Implementation, evaluation and refinement of an intervention to improve blunt chest injury management

Prof. Kate Curtis1,2,6, Dr Connie Van1, A/Prof Stephen Asha2,5, Dr Mary Lam3, Dr Annalise Unsworth2, Dr Louise Atkin5, Dr Madison Reynolds6

1Sydney Nursing School, Sydney, Australia, 2St George Clinical School, Faculty of Medicine, University of New South Wales, High Street, , Kensington, Australia, 3Faculty of Health Psychology, Health Information Management, Genetic/Bioinformatics. University of Technology, Sydney, Australia, 4Centre for Behaviour Change, University College London, London, England, 5Emergency Department, St George Hospital, Kogarah, Australia, 6Trauma Service, St George Hospital, Kogarah, Australia

Failure to treat even one rib fracture early with sufficient analgesia, physiotherapy and respiratory support can lead to pneumonia, respiratory failure and/or death. Introduction of an early notification protocol for isolated blunt chest injured patients (ChIP) in our major trauma centre initiated consistent, multidisciplinary, tailored patient care that reduced the odds of patients developing pneumonia by 56%. The overall uptake of the protocol however was poor (68%) and factors which hindered or helped activation unknown.

Objectives:

– To determine factors influencing protocol uptake

– Identify evidence informed interventions to improve protocol use

– Re-implement and evaluate protocol compliance

Methods: Two methods were used in this mixed methods study conducted from 2012-2016.

1) Review of 603 linked trauma registry and medical records to identify any patient characteristics influencing protocol activation, and

2) Survey of 99 hospital staff to identify implementation barriers and facilitators.
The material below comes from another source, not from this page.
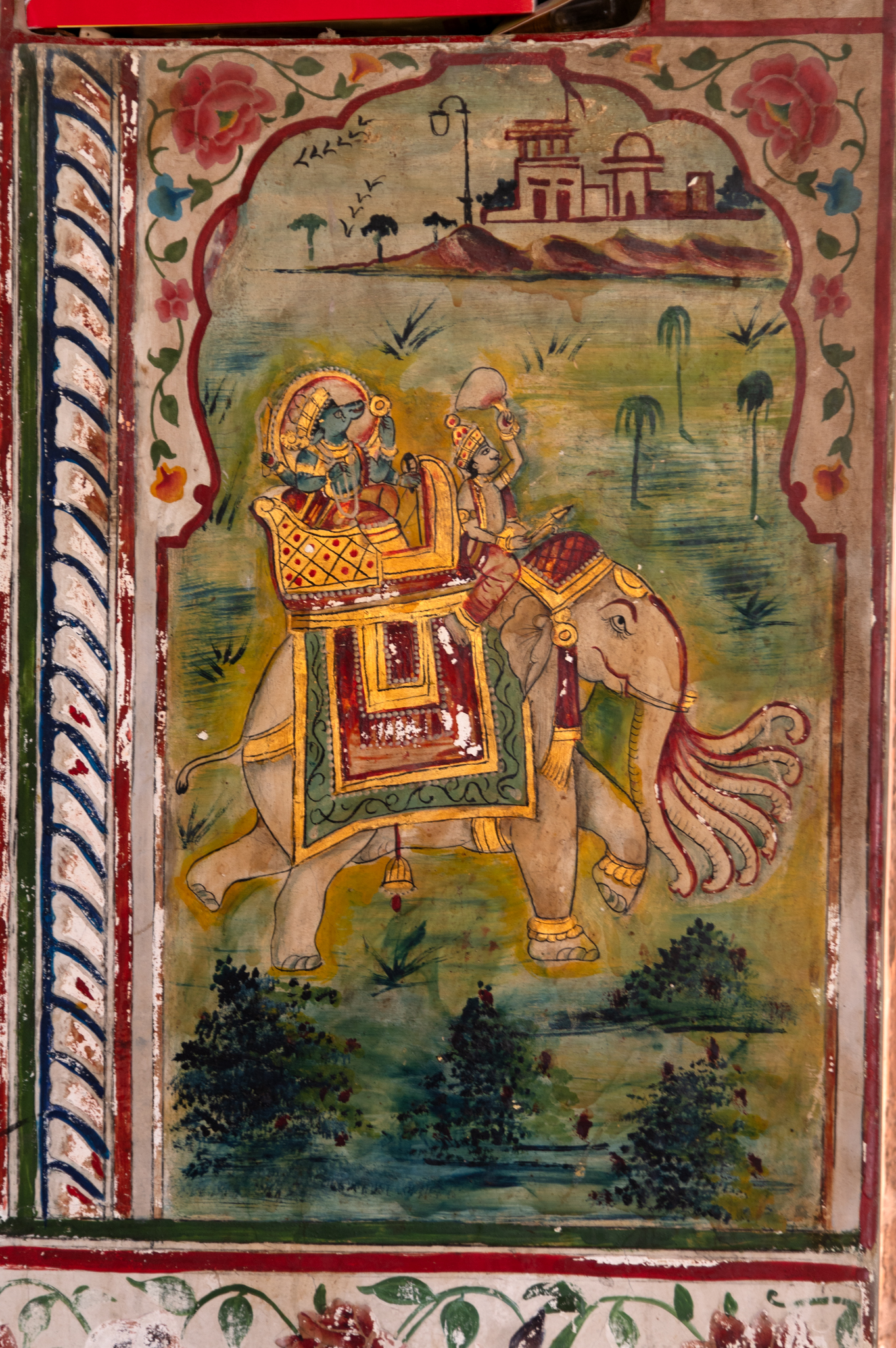 Closer view of one of the paintings that frame the side doorways on the mandapa (pillared hall) of the Bhandasar Temple. Seen here is the painting of Vishnu sitting on an elephant. A mahut (charioteer of the elephant) is shown riding it in the city. The elephant has multiple trunks. The jewellery worn by Vishnu, the elephant and the canopy, in which Vishnu is shown sitting on the elephant's back, are embossed with gold.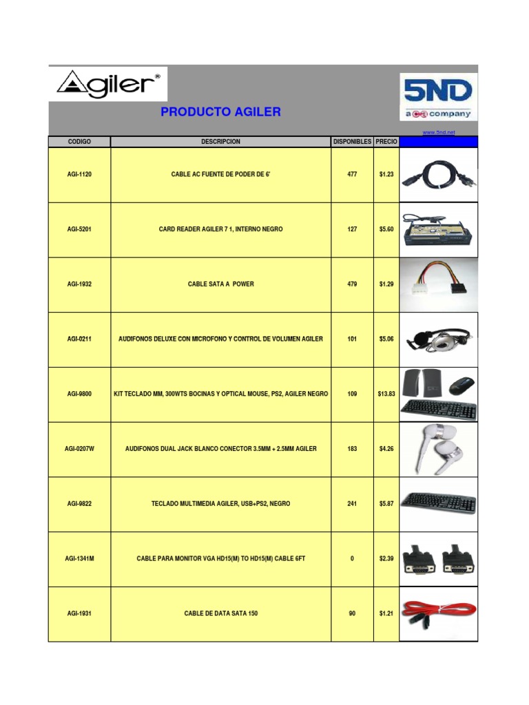 AGI-1305 CABLE USB 2.0 TIPO A/B 15 PIES 0 $1.79

The survey was mapped to the Theoretical Domains Framework (TDF), known to impact clinician behaviour change.

Quantitative data were analysed using descriptive statistics, qualitative data coded in NVivo10.  Interventions to change target behaviours were sourced from the Behaviour Change Technique Taxonomy in consultation with stakeholders.

Principle findings: Eligible patients who did not receive ChIP were not different in demographic or clinical characteristics to those that did. Fifteen facilitators and 10 barriers were identified by staff. Seven interventions were selected to address target behaviours including modelling, training, persuasion and social influence. A multifaceted relaunch strategy, including video, targeted the motivation of activators and responders and the empowerment of nursing staff. In the 4 months post relaunch, uptake improved to 91% (p=.001).

Conclusions: Behaviour change theory may be used to improve clinical protocol implementation in the ED context. Newly implemented clinical protocols should incorporate clinician behaviour change assessment, strategy and interventions.


Biography:

Kate has been an emergency and trauma nurse clinician since 1994 and is Professor of Trauma and Emergency Nursing at the University of Sydney, where she leads the Paediatric Critical Injury Research Program. She is an honorary Professorial Fellow at the George Institute for Global Health and in 2011 was awarded the Frank McDermott Award for research completed and published in the last 10 years judged to have led to the greatest improvements in care of severely injured patients in Australia and NZ. Kate’s translational research program continues to focus on improving the way we deliver care to patients and their families and she is the world’s most published author in the field of Trauma and Emergency Nursing. Kate is also on the Editorial Board of the Australasian Journal of Emergency Nursing and a Fellow of the College of Emergency Nursing Australasia.